Charlie Munger serves as independent director of Costco (NASDAQ:COST). He is a long-term investor who is highly regarded for his principles, philosophy and, of course, his investment skills.
Costco is a sought-after stock, as evidenced by its rising share price over the past 10 years. Total stock price return averaged 20.6%. The sharp rise in share price makes the stock expensively valued. This reminds me of Coca-Cola in 1998.
The Fed's current policy does not justify a high valuation of the stock. Costco will have to continue to perform in the coming years to justify this high share valuation. Unfavorable quarterly earnings could correct the stock significantly. Expectations for future earnings are high, and probably too high. Therefore, I think the share is a hold.
Costco reports its sales figures each month on its investor relations website. Sales increased less than the previous 9 weeks during the October retail month. Still, sales growth was good with 6.7% growth.
Costco is currently the third largest global retailer, with locations in the US, China, Mexico, Japan, the UK and so on. Costco's fiscal year ends in August 2022, sales increased 16% year-on-year and gross margin improved to 11.13%. Operating income and earnings per share grew 16%.
Expectations for the coming years are high. Analysts expect revenue growth of 7% and earnings per share growth of 12% for fiscal year 2024. Earnings per share growth of 15% is expected for fiscal year 2025. Analysts slightly lowered their expectation for earnings per share for fiscal 2025 to $18.82. The expected PE ratio for fiscal year 2025 is 26.
Costco pays a FWD dividend of $3.60 per share. At a share price of $490, this equates to a dividend yield of 0.73%. In recent years, Costco also paid a special dividend.
Management purchases its own shares so that dividends per share and earnings per share grow faster than consolidated earnings. The compound annual growth rate of dividend per share is 13%. In fiscal year 2022, management repurchased $439 million worth of shares, representing a repurchase yield of 0.2%.
Both dividend payments and share repurchases combined are lower than free cash flow. As a result, Costco has a net cash position of $3.6B. The net cash position is advisable given the low operating profit margin of only 3.4%.
Costco's total return over 10 years is stunning. Coca-Cola (KO) at the end of 1998 also showed stunning returns over the past 10 years. Coca-Cola grew strongly in sales, profits and free cash flow. And the strong cash flow was distributed to shareholders through a dividend and a robust share repurchase program. As a result, dividends per share and earnings per share grew stronger than earnings growth. Investors were enthusiastic and bought the shares en masse, giving Coca-Cola a PE ratio of nearly 50 by the end of 1998.

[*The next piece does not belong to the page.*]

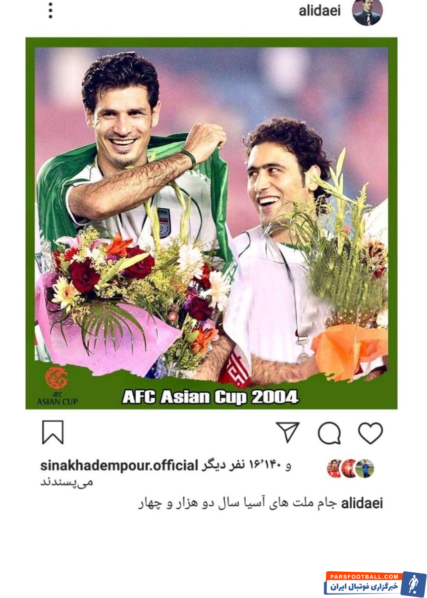 علی دایی بازیکن پیشین پرسپولیس و تیم ملی با انتشار تصویری از خودش به همراه مهدی مهدویکیا از مراسم اهدای مدال جام ملتهای آسیا ۲۰۰۴ در صفحه اینستاگرامش یاد آن روزها را زنده کرد.

When I compare Coca-Cola with Costco, I see quite a few similarities. Costco also had a PE ratio of about 50 in 2022.
Coca-Cola reported lower earnings in 1999. The high valuation of the stock was not justified for the profit decline. From 1998, Coca-Cola fell from $44 peak to $19 in 2004. Representing 6 years without share price growth.
Over the past 20 years, Costco's stock valuation has increased strongly. The 10-year average PE ratio stands at 30, still very high compared to average measures of the S&P500.
Investors should keep a close eye on Costco, as the stock's valuation is very high compared to that of the S&P500. Costco expects strong growth in sales and earnings per share in the coming years, and does not expect stagnation. The projected PE ratio for 2025 is 26, but this high valuation is not sustainable during a rising interest rate environment. Costco will have to perform to deliver on this high stock valuation, any doubts about sales and earnings growth could push the stock downward. Costco is a growing company, but at a high valuation. There are better opportunities in the market.
Costco is a sought-after stock, as can be seen by its sharply rising share price. Over the past 10 years, the total return of the stock averaged 20.6%, including dividend payments. Charlie Munger serves as independent director of Costco. His principles, philosophy and investment skills add great value to Costco. Costco is the third largest retailer operating internationally. Sales increased 16% year over year in fiscal 2022. High SG&A costs reduced earnings per share by 14% year over year. Management is very shareholder-friendly by paying dividends and buying back shares. Costco does not return all of its cash to shareholders and thus has a net cash position of $3.6B on its balance sheet. This is favored to absorb any setbacks because of its low profit margin of 3.4%. Expectations for the coming years are high: analysts expect strong growth in sales and earnings per share. The enormous optimism of investors has led to high stock valuations, the expected PE ratio for fiscal 2025 is 26. The 10-year median PE ratio is 30, which is very high by today's standards as the Fed raises interest rates. Due to the high valuation, I expect little growth in the share price and Costco will have to perform to make the stock worthy of valuation. Therefore, I think the stock is a hold.